Daylight Saving Time ended at 2 a.m. Sunday — did you remember to set your clocks back one hour? Hopefully, you did —and enjoyed an extra hour of sleep as well.
“Spring ahead; fall back,” is a dusty old adage, but it does help folks remember to turn their clocks back an hour — at least the clocks that don't automatically re-set.
Digital devices such as smartphones and computers should automatically re-set themselves. And you probably will have to check your manual if you have to re-set the clock in your car.
Firefighters also remind residents that this is a good time to check the batteries in your home's smoke detectors.
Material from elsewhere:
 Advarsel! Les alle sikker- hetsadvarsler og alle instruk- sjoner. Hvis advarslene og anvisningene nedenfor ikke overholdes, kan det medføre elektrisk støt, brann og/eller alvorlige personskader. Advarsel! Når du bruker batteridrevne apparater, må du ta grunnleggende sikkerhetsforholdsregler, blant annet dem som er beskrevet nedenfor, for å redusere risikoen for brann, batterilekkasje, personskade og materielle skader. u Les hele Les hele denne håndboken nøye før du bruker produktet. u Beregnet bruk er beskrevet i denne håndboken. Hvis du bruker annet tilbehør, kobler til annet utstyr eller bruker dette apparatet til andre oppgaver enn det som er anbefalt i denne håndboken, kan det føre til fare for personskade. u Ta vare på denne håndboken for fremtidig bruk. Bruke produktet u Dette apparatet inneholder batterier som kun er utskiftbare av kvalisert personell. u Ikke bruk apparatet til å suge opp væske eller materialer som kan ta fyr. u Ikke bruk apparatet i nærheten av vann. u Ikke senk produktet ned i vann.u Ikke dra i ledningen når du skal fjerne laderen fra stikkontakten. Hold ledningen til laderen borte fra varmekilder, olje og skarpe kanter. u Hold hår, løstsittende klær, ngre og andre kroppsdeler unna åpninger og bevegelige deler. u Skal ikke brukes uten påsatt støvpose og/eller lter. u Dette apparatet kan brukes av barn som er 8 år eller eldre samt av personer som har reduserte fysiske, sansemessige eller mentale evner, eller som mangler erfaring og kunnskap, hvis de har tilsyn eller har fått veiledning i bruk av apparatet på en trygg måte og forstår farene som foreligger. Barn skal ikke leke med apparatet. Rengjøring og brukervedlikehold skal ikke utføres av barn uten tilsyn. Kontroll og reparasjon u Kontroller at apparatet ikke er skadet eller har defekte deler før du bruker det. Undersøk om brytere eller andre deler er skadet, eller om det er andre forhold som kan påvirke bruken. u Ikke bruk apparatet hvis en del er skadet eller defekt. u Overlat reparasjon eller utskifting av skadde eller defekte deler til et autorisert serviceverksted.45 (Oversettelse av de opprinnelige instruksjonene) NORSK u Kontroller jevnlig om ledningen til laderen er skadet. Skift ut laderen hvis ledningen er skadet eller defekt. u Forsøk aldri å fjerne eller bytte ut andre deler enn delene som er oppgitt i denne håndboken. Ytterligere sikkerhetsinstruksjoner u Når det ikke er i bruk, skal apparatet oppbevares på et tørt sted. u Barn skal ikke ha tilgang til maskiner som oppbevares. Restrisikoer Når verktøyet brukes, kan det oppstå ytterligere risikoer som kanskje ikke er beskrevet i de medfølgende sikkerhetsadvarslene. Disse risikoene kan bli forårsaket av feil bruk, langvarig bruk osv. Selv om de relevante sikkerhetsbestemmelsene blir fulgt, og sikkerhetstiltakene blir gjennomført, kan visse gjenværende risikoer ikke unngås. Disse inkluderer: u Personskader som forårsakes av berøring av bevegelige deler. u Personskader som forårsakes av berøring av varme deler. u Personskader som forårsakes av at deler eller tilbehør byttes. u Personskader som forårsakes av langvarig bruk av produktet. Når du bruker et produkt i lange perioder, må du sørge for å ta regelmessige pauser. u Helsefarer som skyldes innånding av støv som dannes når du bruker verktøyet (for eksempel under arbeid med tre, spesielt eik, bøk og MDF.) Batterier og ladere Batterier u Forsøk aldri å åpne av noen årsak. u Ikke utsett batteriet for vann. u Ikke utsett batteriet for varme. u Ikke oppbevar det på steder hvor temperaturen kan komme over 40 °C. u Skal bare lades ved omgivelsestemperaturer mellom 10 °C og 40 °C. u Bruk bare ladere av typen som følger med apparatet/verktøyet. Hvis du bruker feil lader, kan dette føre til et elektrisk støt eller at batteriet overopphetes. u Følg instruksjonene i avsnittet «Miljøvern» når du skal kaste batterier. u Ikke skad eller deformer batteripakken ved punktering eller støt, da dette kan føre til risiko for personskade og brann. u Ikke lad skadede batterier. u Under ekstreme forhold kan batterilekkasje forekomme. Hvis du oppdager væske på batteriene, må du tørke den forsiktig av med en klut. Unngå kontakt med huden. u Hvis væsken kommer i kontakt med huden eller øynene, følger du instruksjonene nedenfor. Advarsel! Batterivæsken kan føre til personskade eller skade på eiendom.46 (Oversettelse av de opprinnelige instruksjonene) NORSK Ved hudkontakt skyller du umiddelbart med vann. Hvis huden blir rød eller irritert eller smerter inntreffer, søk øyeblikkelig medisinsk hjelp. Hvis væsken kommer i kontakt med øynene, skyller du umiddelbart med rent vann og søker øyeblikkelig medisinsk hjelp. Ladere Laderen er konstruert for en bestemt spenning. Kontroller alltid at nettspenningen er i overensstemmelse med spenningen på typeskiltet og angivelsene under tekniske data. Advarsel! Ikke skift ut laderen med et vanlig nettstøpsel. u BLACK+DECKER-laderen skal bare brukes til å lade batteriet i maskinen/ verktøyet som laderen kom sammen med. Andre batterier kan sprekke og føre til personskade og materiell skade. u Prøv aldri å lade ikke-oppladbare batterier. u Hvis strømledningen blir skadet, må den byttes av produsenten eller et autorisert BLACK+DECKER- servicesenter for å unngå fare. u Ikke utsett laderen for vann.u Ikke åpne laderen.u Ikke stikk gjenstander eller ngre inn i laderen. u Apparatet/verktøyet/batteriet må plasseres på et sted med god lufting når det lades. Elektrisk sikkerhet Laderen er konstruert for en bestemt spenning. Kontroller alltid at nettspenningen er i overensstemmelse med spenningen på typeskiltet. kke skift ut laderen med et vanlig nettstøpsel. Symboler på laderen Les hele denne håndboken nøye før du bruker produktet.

On the bright side, we get an extra hour of sleep; on the not-so-bright side, we will be commuting home in the dark in the evening. For folks with seasonal affective disorder, the shorter days could produce moodiness and an overpowering urge for mid-afternoon catnaps.
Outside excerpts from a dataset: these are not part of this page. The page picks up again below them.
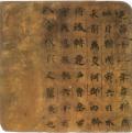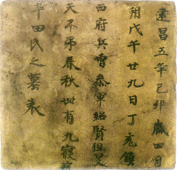 《赵荣宗妻韩氏墓表》砖,墨笔,纵35×横35×厚3.7厘米。北京故宫博物院藏。高昌建昌元年(555年),墨书六行四十五字。
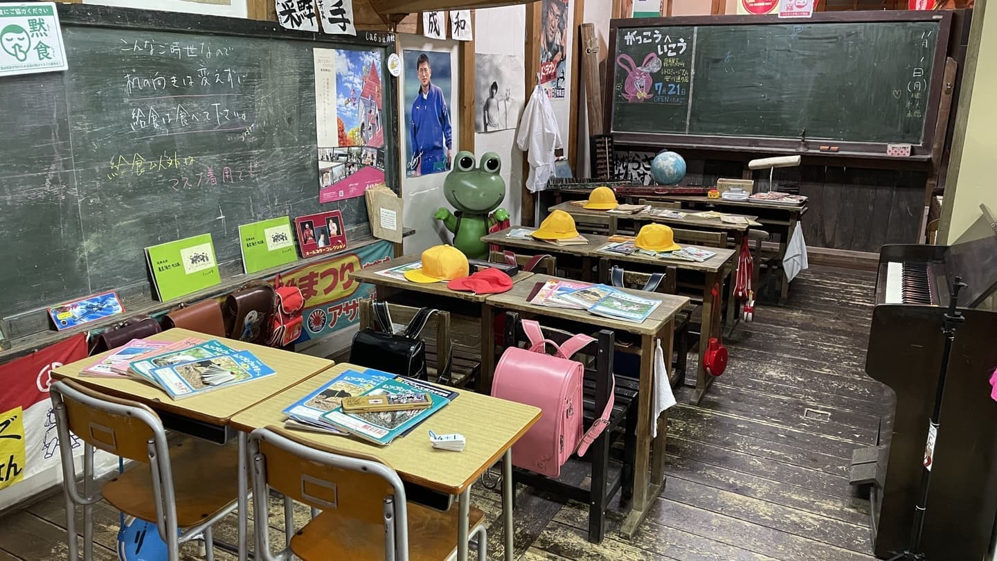 館内の小学校ブースでは木製の小学校の机や椅子に座り、昭和の時代に食べた学校給食が体験できます。懐かしいソフト麺、あげパン、ミルメークなどがセットになった学校給食を体験してみませんか?
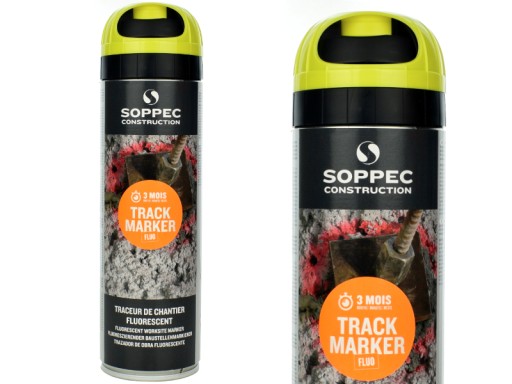 Track Marker firmy Soppec to farba fluorescencyjna w aerozolu przeznaczona do wykonywania oznaczeń na placach budowy oraz do znakowania przy pracach geodezyjnych i pomiarowych. Z jej pomocą wykonamy widoczne, odblaskowe oznaczenia, podkreślając niebezpieczne strefy, zaznaczając pole pod wykop lub znacząc dokonane pomiary. Dzięki farbie Track Marker niewielkim kosztem, znacznie zwiększymy bezpieczeństwo na budowie i usprawnimy pracę. Aerozol stosowany jest w sytuacjach gdy długotrwałe oznaczenia nie są pożądane, utrzymując się na znaczonym obszarze do 3 miesięcy.
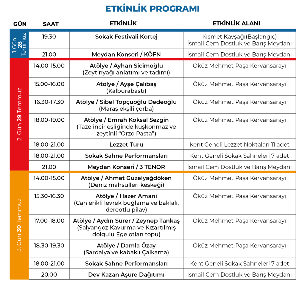 Kuşadası Sokak Festivali, 28 Temmuz Cuma günü bir kortej yürüyüşü ile başlayacak. Yürüyüşün ardından İsmail Cem Dostluk ve Barış Meydanı’nda sevilen müzik grubu KÖFN şarkılarını festival katılımcıları için seslendirecek. Festival kapsamında 29 Temmuz Cumartesi gecesi ise yine İsmail Cem Dostluk ve Barış Meydanı’nda Türkiye’nin en başarılı tenorlarından Murat Karahan, Efe Kışlalı ve Hakan Aysev, “3 Tenor” isimli bir konserle sahne alacak.
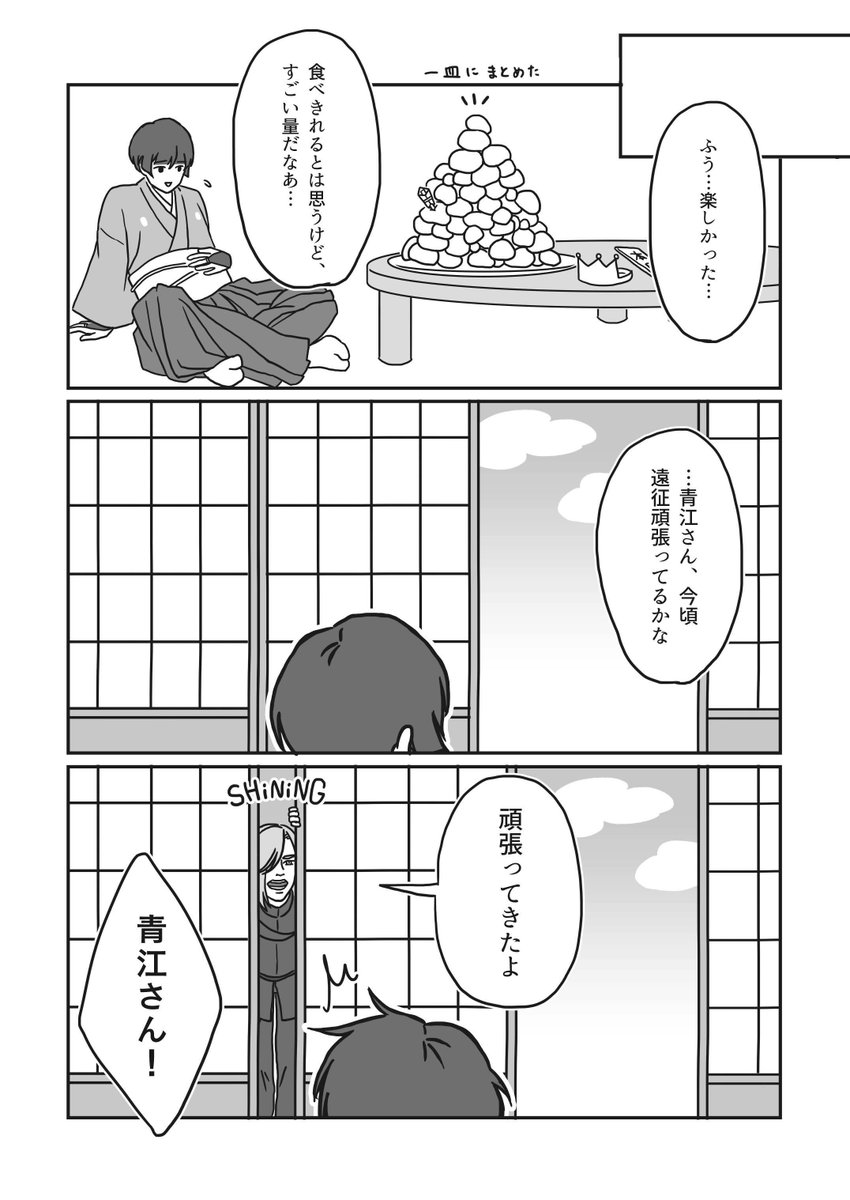 55 170 おめでとうございます!!!🌸🌸🌸 (かわいい丸と変な江を描きたかった漫画です) #2月22日は石切丸の日 23/02/22 04:06
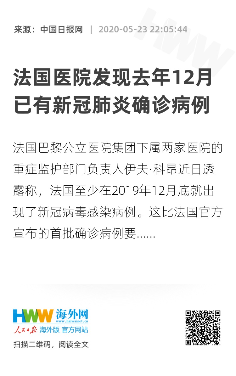 法国巴黎公立医院集团下属两家医院的重症监护部门负责人伊夫·科昂近日透露称,法国至少在2019年12月底就出现了新冠病毒感染病例。这比法国官方宣布的首批确诊病例要早近1个月。

You can blame Ben Franklin for the twice-a-year clock-changing event, according to National Geographic.
The founding father, scientist, and diplomat, came up with the idea in 1784 — but in a way that deployed his infamous wit.
In a letter to the Journal of Paris, the thrifty Franklin suggested that costly candles could be replaced with free sunlight by having folks rise with the sun and hitting the sack earlier, National Geographic said.
He knew however, that implementing his idea wouldn’t be easy and humorously proposed taxing window shutters and shooting cannons off to rouse folks out of their beds -- well, for the spring ahead part anyway.
Franklin may have been taking on the French for being lazy, but his idea took root and about a 100 years later, New Zealander George Hudson proposed the modern idea of Daylight Saving Time.
Germany and Austria-Hungary implemented it for the first time, nationwide, in the early 1900s, and many countries went on to adopt it – especially, it has been said, during the energy crunch of the 1970s when saving on electric bills was a priority.
If all the clock-changing bugs you, there are places to turn … so to speak.
States and territories that don’t observe Daylight Saving Time include Hawaii, Guam, Puerto Rico, most of Arizona and the Virgin Islands.